This tool tells you about how long your water filter cartridge will last before you need to swap it out. Water filters get used up over time — this gives you a number so you can plan ahead instead of finding out the hard way when your espresso machine or steam oven starts having problems.
Restaurant owners, foodservice operators, equipment installers, RV owners, or anyone who has a water filter cartridge protecting equipment and wants to know when to change it.
- Your cartridge’s grain capacity (or pick it from the dropdown if it’s an Aquamor cartridge)
- Something that tells you about your water — even a cheap TDS meter is fine to start
Pick from the Aquamor catalog and we’ll auto-fill the capacity below. Or skip and enter your capacity manually.
Auto-filled when you select from the catalog above. Override anytime — or enter manually if your cartridge isn’t listed.
Select the measurement type that matches your test report or meter.
If entered, the estimator will also show approximately how many days until replacement.
| Measurement | What it actually measures | How good is it for this cartridge? |
|---|---|---|
| Total Hardness (gpg or ppm) | The calcium and magnesium dissolved in your water — the minerals that form scale and that this cartridge is designed to remove. | HIGH — tells the cartridge exactly what it's up against. |
| Alkalinity (ppm) | The carbonate part of your water's hardness — think of it as the fraction of hardness that "activates" the cartridge. (Alkalinity = the carbonate and bicarbonate dissolved in water.) | HIGH — often even more precise than Total Hardness, because this cartridge only treats the hardness tied to alkalinity. |
| TDS (ppm) | Total Dissolved Solids — every single thing dissolved in your water, lumped together: hardness minerals, salt, chloride, metals, and more. It doesn't separate the stuff this cartridge removes from the stuff it can't touch. | MEDIUM — a useful ballpark, but can be misleading. See below. |
| EC (µS/cm) | Electrical conductivity — how well your water carries electricity. The meter doesn't measure hardness at all; it takes a conductivity reading and then guesses at TDS, which then gets converted to a hardness estimate. That's two guesses in a row. | LOW — the roughest option. Still better than nothing, but treat the result as a wide range, not a precise number. |
This cartridge works by swapping out calcium and magnesium — the minerals tied to alkalinity (the carbonate fraction of hardness) — for something harmless. That's all it removes. So when you tell it exactly how much calcium and magnesium you have, it can give you a tight estimate of how long it will last.

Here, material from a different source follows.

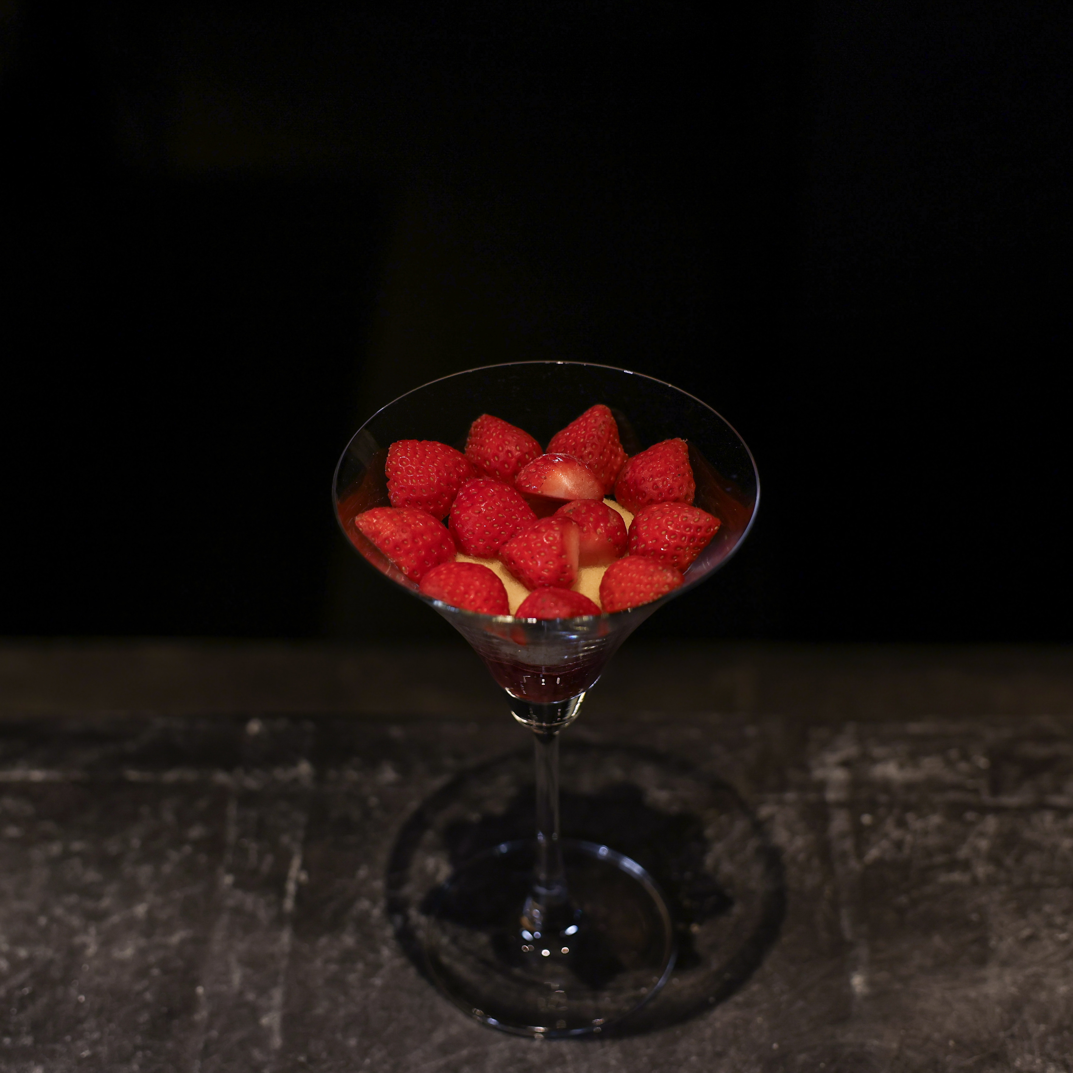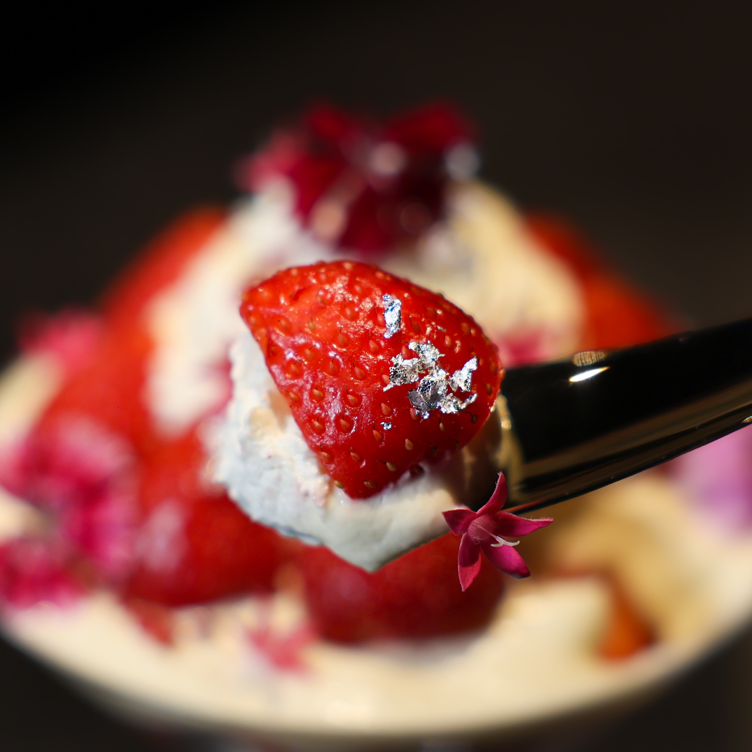 フランボワーズのジュレ、ザクザクとしたクランブル、アーモンド生地、たっぷりのイチゴ、アマレットムースを丁寧に敷き詰めたイチゴが輝く宝石のような華やかなパフェ。

TDS and EC count everything dissolved in the water, including things the cartridge never touches: salt, chloride, trace metals, and more. If your number is driven by those other things rather than by hardness, the estimate will be off.
Think of TDS like weighing a grocery bag without knowing what's inside. Sometimes the weight is mostly the stuff your cartridge handles — calcium and magnesium. Sometimes it's mostly salt or minerals the cartridge can't touch. The number is real. It just doesn't always mean what you'd hope it means. Hardness and alkalinity tests open the bag and weigh only what matters.
Softened water: A water softener trades calcium and magnesium for sodium. Your TDS barely changes, but the cartridge load drops to near zero. A TDS-based estimate will make it look like the cartridge is working hard when it's barely doing anything.
Coastal or high-sodium water: Some groundwater and city supplies naturally carry a lot of sodium. Same problem — sodium pushes TDS up, but the cartridge doesn't see it at all.
Reverse osmosis (RO) blends: RO strips almost everything out, then some systems blend a little untreated water back in. The mix can be unusual, and TDS won't tell you which part is hardness.
EC meters specifically: Two meters measuring the same glass of water can show different numbers if they were calibrated differently. The default conversion factor in this tool (0.50) works for most meters. If yours was calibrated with a different solution, adjust the EC factor field above to 0.67 — or better yet, switch to a TDS or hardness reading if you can get one.
1 gpg = 17.1 ppm (this conversion is exact). TDS to hardness uses a ratio of roughly 1:40 — an average that holds for typical groundwater but breaks down in the situations described above. EC to TDS uses the factor you see in the form (default 0.50). These are real numbers; the uncertainty is in whether your water fits the average.
When in doubt, ask your distributor for a hardness test strip — it takes 30 seconds and gives you a HIGH-confidence number.
Quick Capacity Estimator — actual life depends on hardness, alkalinity, flow rate, and water chemistry. Designed for equipment protection (70%-reduction endpoint), not drinking-water polishing.